Self-custody security is shifting from protecting a secret to designing systems where the secret is useless to a thief. New wallets are being built not just to withstand digital attacks, but to make the physical theft of Bitcoin mathematically pointless.
On What Bitcoin Did, Jonathan Pollock detailed BitKey's vault system. It uses a 2-of-2 multisig with Block, requiring two biometric scans separated by a configurable time delay - days or weeks. The goal is to outlast an attacker's patience, as 99% of documented coercion attacks end within a week. Paradoxically, Pollock noted the final escape route might be sending funds to a KYC exchange, moving the battle from a knife point to an identity-verification process an attacker cannot win.

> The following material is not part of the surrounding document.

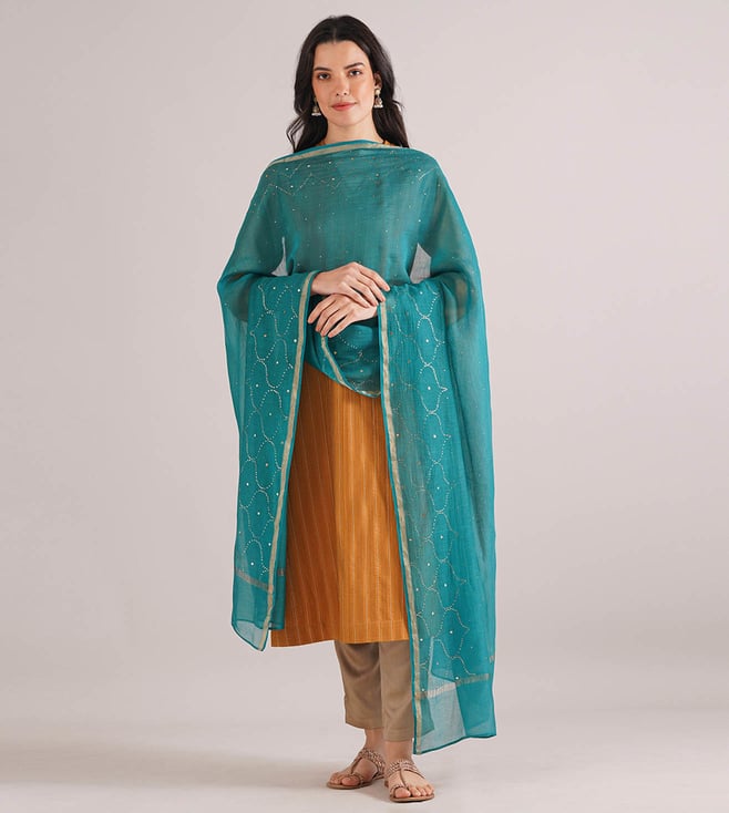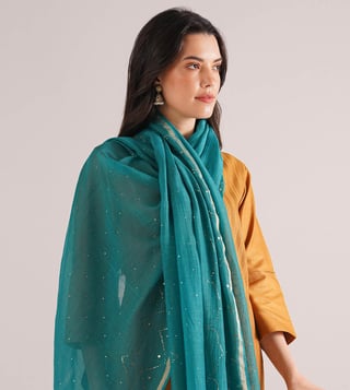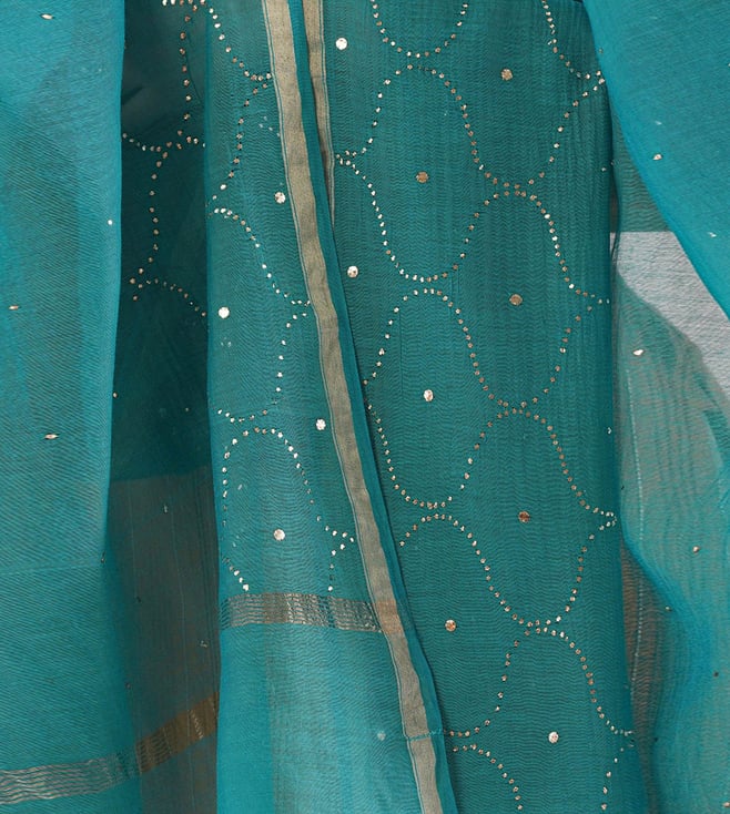 Jaypore Teal Blue Cotton Silk Mukaish Dupatta

"The industry must design for a scenario where the attacker has full knowledge of your setup and the victim is compliant, yet the coins remain unreachable."

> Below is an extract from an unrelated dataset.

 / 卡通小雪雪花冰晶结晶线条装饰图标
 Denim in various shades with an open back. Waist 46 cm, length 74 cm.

- Jonathan Pollock, What Bitcoin Did
Inheritance, the other major flaw in self-custody, is being automated on-chain. On Citadel Dispatch, Ben Kaufman explained how Bitcoin Keeper uses Miniscript absolute time-locks. An owner gives an heir a key that only activates after a set period, like two years. If the owner doesn't refresh the lock with an on-chain transaction, the heir gains access automatically, turning the Bitcoin protocol into a self-executing trust.
The underlying hardware is also being redesigned to eliminate the seed phrase, which Pollock calls an 'instant compromise' vector. BitKey keeps the private key strictly on the hardware, gated by a fingerprint. Meanwhile, on TFTC, Zach Herbert argued that Foundation's new operating system, KOS, uses hardware-level sandboxing to isolate apps, challenging Ledger's manual-review model. This aims to create a general-purpose security device where apps can't access the master seed, enabling innovation without centralized permission.
"Recovery is handled through a collaborative 2-of-3 setup where keys are distributed between the hardware, a phone app, and Block’s servers."
- Jonathan Pollock, What Bitcoin Did
The progression is clear: security is no longer a user's DIY project. It's being baked into protocols and hardware that protect users from both external coercion and their own errors.